Data section start

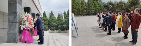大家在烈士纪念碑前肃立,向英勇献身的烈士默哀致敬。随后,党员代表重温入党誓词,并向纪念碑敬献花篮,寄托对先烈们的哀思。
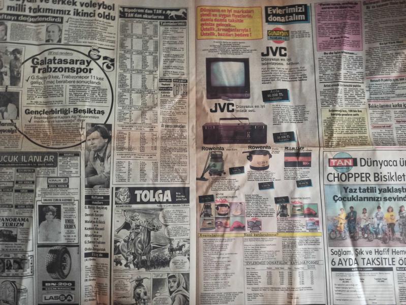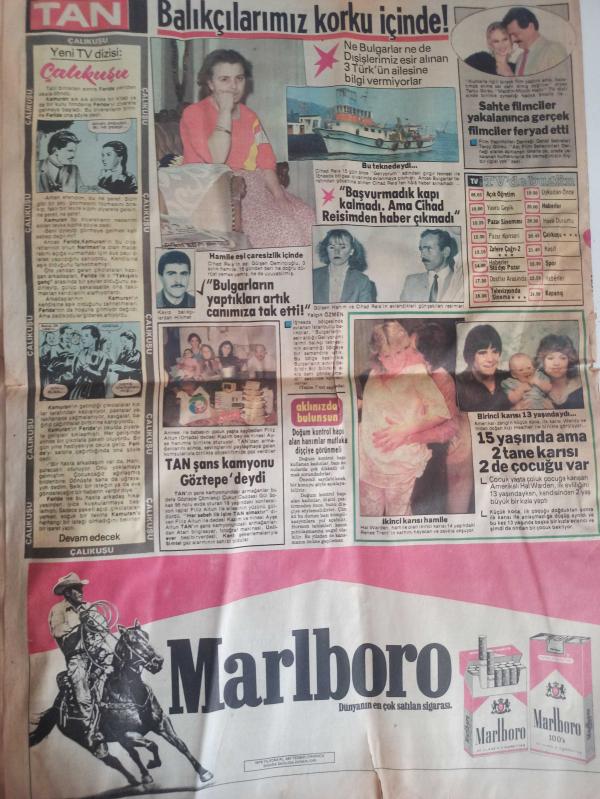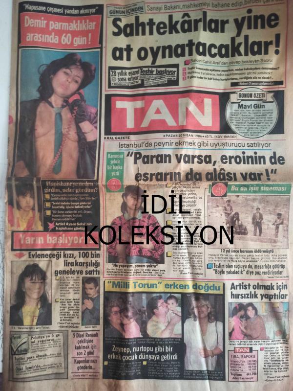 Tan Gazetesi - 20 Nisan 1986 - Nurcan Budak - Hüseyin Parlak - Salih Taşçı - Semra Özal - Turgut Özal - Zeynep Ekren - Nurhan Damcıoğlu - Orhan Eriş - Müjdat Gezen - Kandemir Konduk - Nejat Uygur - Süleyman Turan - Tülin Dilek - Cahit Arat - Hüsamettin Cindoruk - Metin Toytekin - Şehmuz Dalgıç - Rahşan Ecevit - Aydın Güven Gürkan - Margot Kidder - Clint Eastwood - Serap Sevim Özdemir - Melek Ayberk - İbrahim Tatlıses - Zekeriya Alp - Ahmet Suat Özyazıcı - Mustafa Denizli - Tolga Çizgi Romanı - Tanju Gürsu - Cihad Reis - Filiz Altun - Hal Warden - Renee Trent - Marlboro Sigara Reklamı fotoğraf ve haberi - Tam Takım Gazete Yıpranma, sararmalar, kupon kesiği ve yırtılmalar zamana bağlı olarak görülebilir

Data section end
Data section start

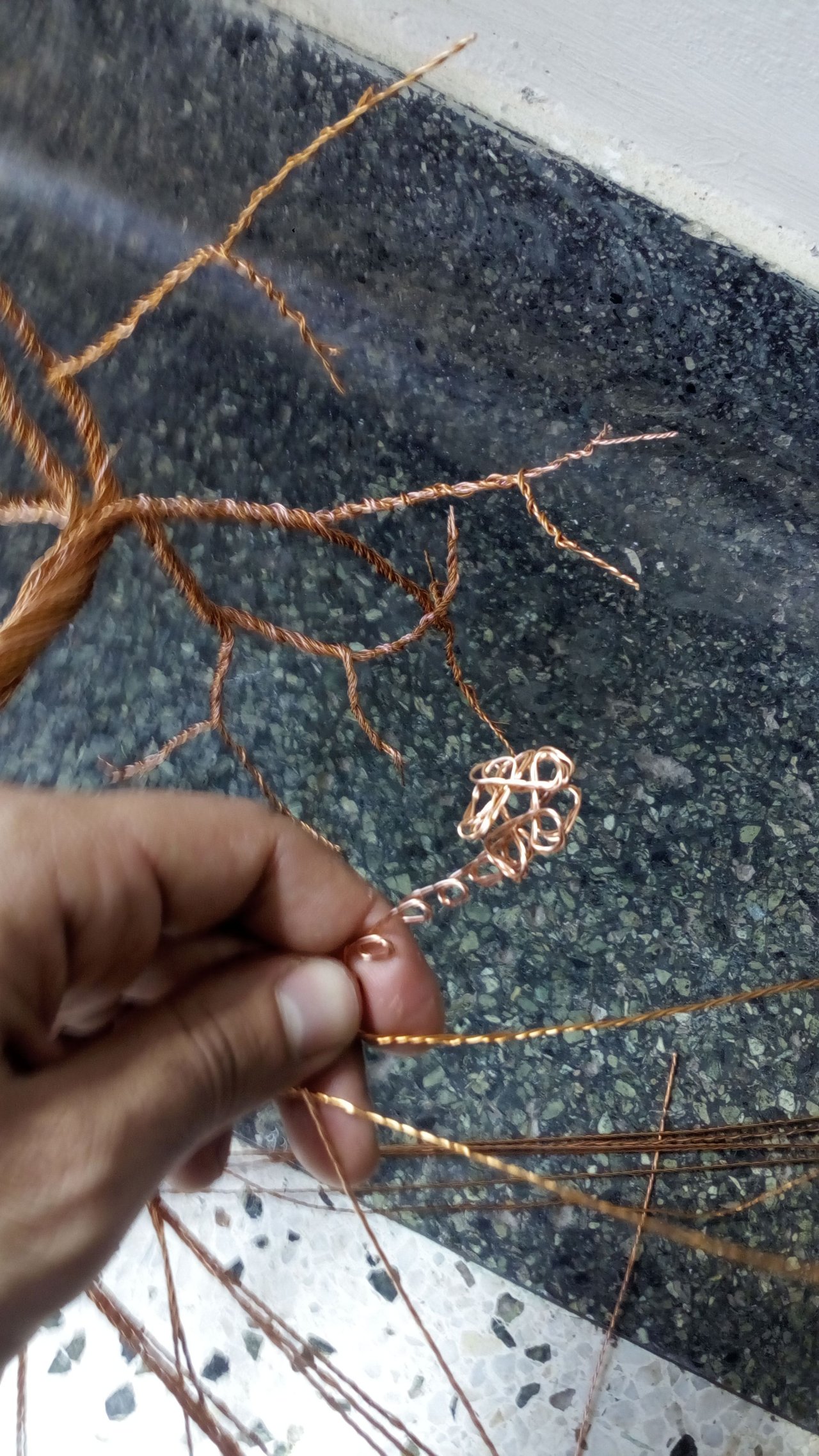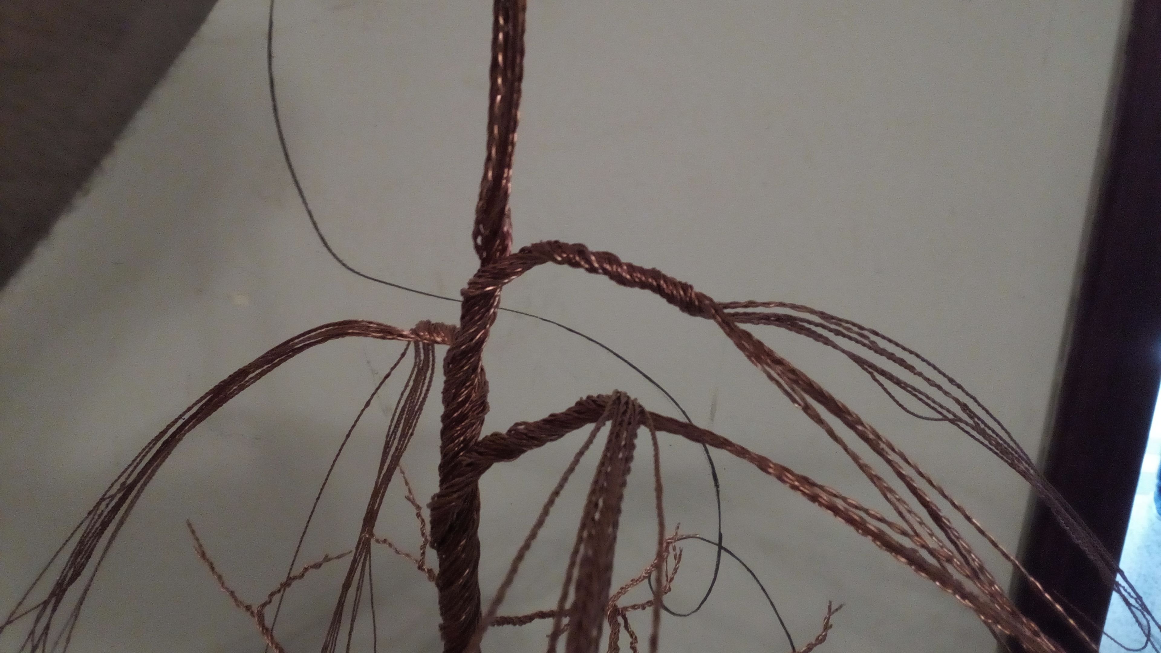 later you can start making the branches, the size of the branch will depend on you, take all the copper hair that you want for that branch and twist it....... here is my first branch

Data section end

__Directions for this task__:
Find the line with "大家在烈士纪念碑前肃立,向英" in the data above, and from there retype each line exactly through the line with "Tan Gazetesi - 20", skipping the pictures along the way.

__Your solution__:
大家在烈士纪念碑前肃立,向英勇献身的烈士默哀致敬。随后,党员代表重温入党誓词,并向纪念碑敬献花篮,寄托对先烈们的哀思。
 Tan Gazetesi - 20 Nisan 1986 - Nurcan Budak - Hüseyin Parlak - Salih Taşçı - Semra Özal - Turgut Özal - Zeynep Ekren - Nurhan Damcıoğlu - Orhan Eriş - Müjdat Gezen - Kandemir Konduk - Nejat Uygur - Süleyman Turan - Tülin Dilek - Cahit Arat - Hüsamettin Cindoruk - Metin Toytekin - Şehmuz Dalgıç - Rahşan Ecevit - Aydın Güven Gürkan - Margot Kidder - Clint Eastwood - Serap Sevim Özdemir - Melek Ayberk - İbrahim Tatlıses - Zekeriya Alp - Ahmet Suat Özyazıcı - Mustafa Denizli - Tolga Çizgi Romanı - Tanju Gürsu - Cihad Reis - Filiz Altun - Hal Warden - Renee Trent - Marlboro Sigara Reklamı fotoğraf ve haberi - Tam Takım Gazete Yıpranma, sararmalar, kupon kesiği ve yırtılmalar zamana bağlı olarak görülebilir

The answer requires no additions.